Records from a dataset
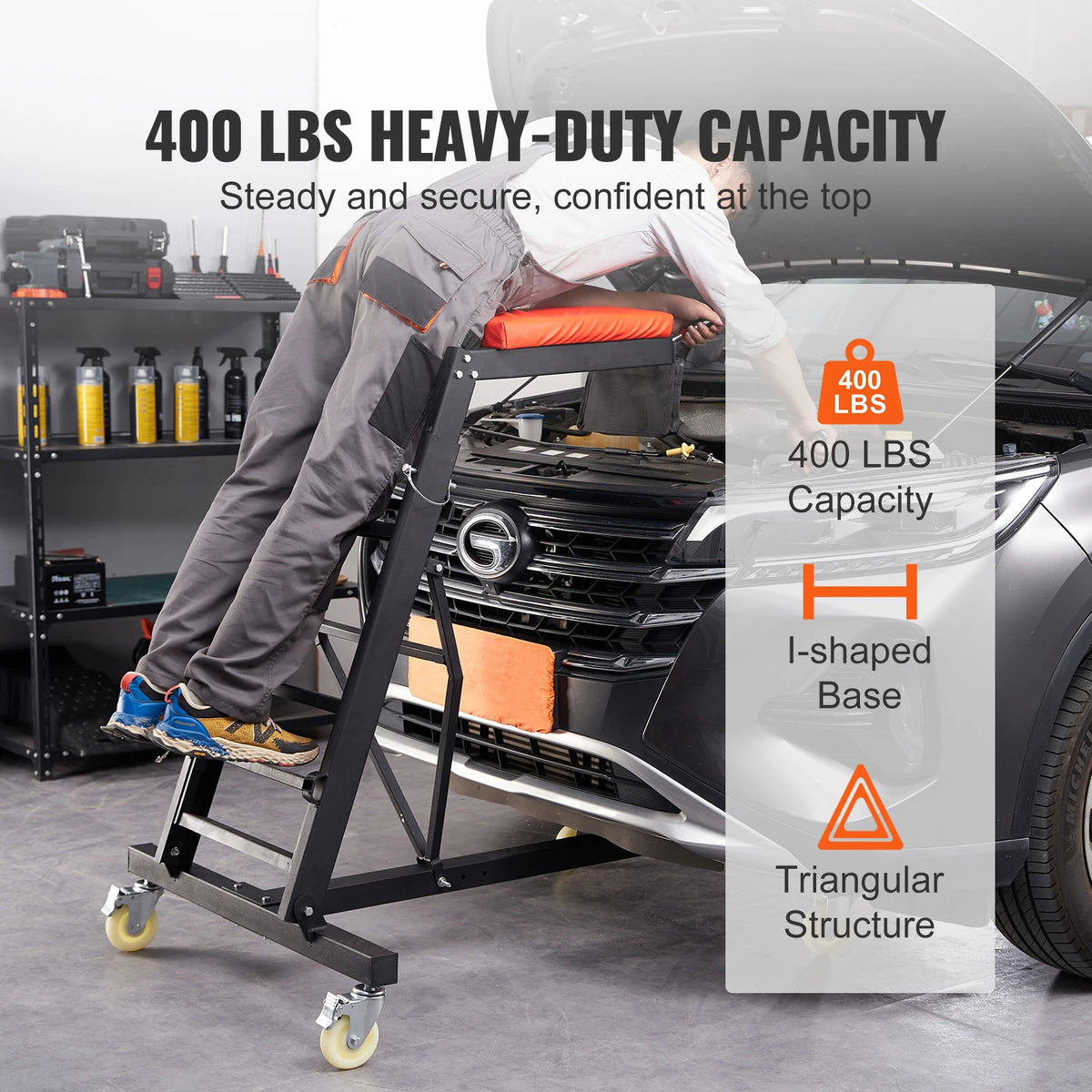 Mugavus on prioriteet pikemate remondiseansside jaoks. 2-tollise paksusega, 12.4 x 18-tollise laiendatud padja pakub heldet tuge ning mugav tööriistakott hoiab olulised remonditarbed käeulatuses. Lai astumislava jaotab kaalu ühtlaselt, et tagada kindel ja väsimust vähendav asend hooldustööde ajal.
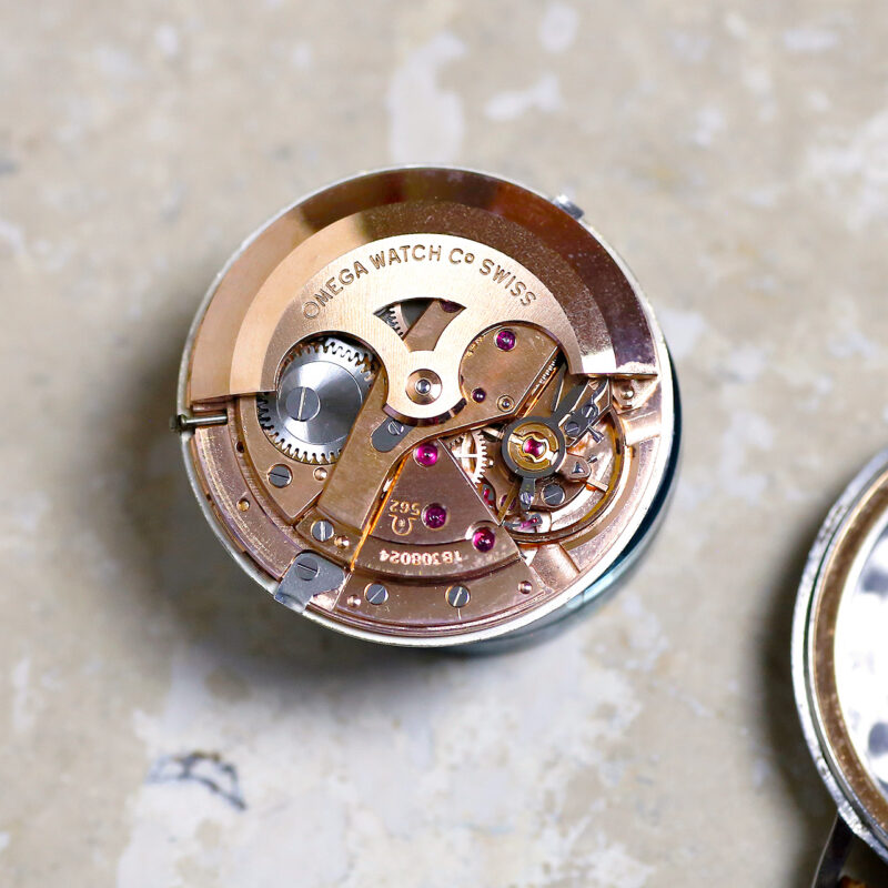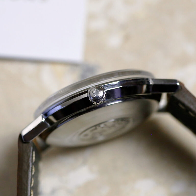 Powered by a fully overhauled Omega 562 Automatic movement that features a semi-quickset date. The watch boasts a 34mm diameter with a minimal bezel making it wear larger on the wrist, and is suitable for men or women with wrist sizes ranging from 6″ to 7.5″.
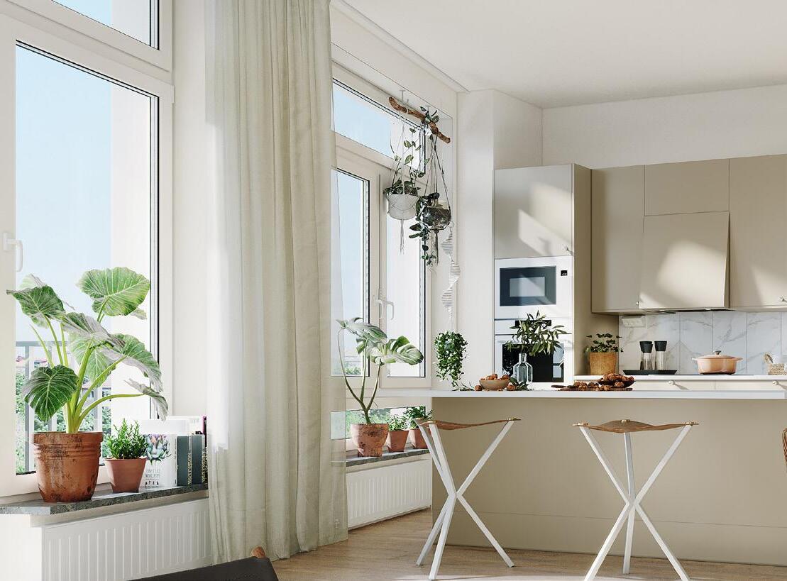 Vakna upp till ljus som flödar in från de stora fönsterna. Doften av nytt blandas med doften av nybryggt kaffe. Förbered din frukost på den härliga köksön. Ljudet av kaffekoppens porslin som möter den exklusiva bänkskivans kompositsten. Njut av morgonen på balkongen och blicka ut över Stockholm. Inga grannar som har insyn, bara ett par fåglar som flyger förbi. Livet i en splitterny bostadsrätt i brf Växelns toppvåningar. Lite extra guldkant på tillvaron.
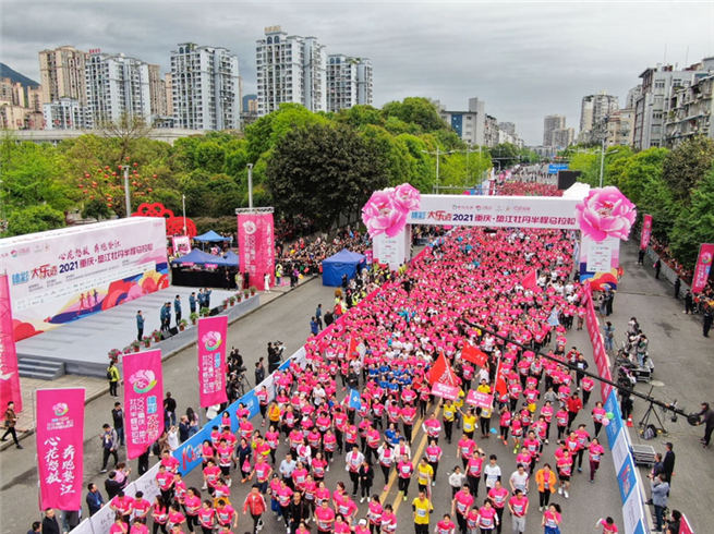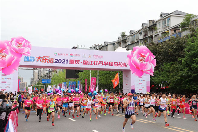 人民網重慶4月6日電  4月5日上午9:00,2021重慶墊江牡丹半程馬拉松在墊江縣南陽公園鳴槍開跑。來自全國各地的6761名跑友上演激烈角逐,用跑馬的方式感受近年來墊江所發生的巨大變化。
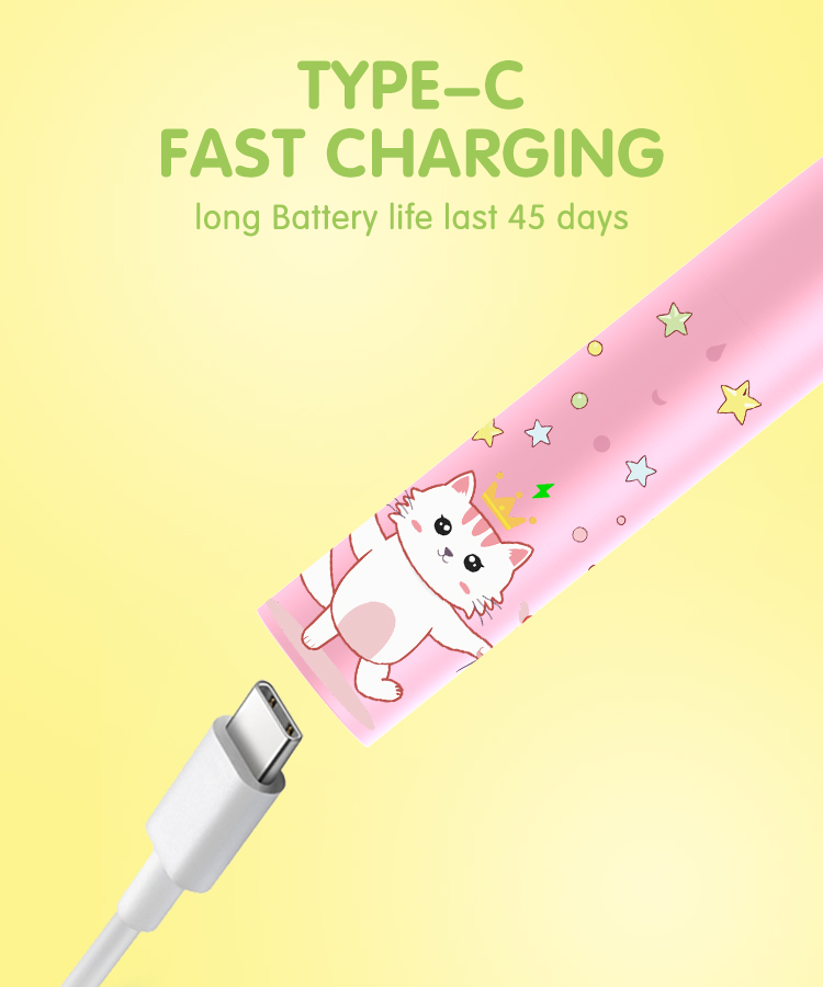- EXTRA DLOUHÁ ŽIVOTNOST HOŘENÍ: Tento dobíjecí dětský elektrický zubní kartáček vyžaduje pouze 3-4 hodiny nabíjení a funguje až 60 dní. Snadno se používá doma i na cestách, abyste se drželi každodenního čištění.

→ **WHAT YOU WILL DO**
All of the data must be set down exactly, with no pictures included.

→ **ANSWER AREA**
 Mugavus on prioriteet pikemate remondiseansside jaoks. 2-tollise paksusega, 12.4 x 18-tollise laiendatud padja pakub heldet tuge ning mugav tööriistakott hoiab olulised remonditarbed käeulatuses. Lai astumislava jaotab kaalu ühtlaselt, et tagada kindel ja väsimust vähendav asend hooldustööde ajal.
 Powered by a fully overhauled Omega 562 Automatic movement that features a semi-quickset date. The watch boasts a 34mm diameter with a minimal bezel making it wear larger on the wrist, and is suitable for men or women with wrist sizes ranging from 6″ to 7.5″.
 Vakna upp till ljus som flödar in från de stora fönsterna. Doften av nytt blandas med doften av nybryggt kaffe. Förbered din frukost på den härliga köksön. Ljudet av kaffekoppens porslin som möter den exklusiva bänkskivans kompositsten. Njut av morgonen på balkongen och blicka ut över Stockholm. Inga grannar som har insyn, bara ett par fåglar som flyger förbi. Livet i en splitterny bostadsrätt i brf Växelns toppvåningar. Lite extra guldkant på tillvaron.
 人民網重慶4月6日電  4月5日上午9:00,2021重慶墊江牡丹半程馬拉松在墊江縣南陽公園鳴槍開跑。來自全國各地的6761名跑友上演激烈角逐,用跑馬的方式感受近年來墊江所發生的巨大變化。
- EXTRA DLOUHÁ ŽIVOTNOST HOŘENÍ: Tento dobíjecí dětský elektrický zubní kartáček vyžaduje pouze 3-4 hodiny nabíjení a funguje až 60 dní. Snadno se používá doma i na cestách, abyste se drželi každodenního čištění.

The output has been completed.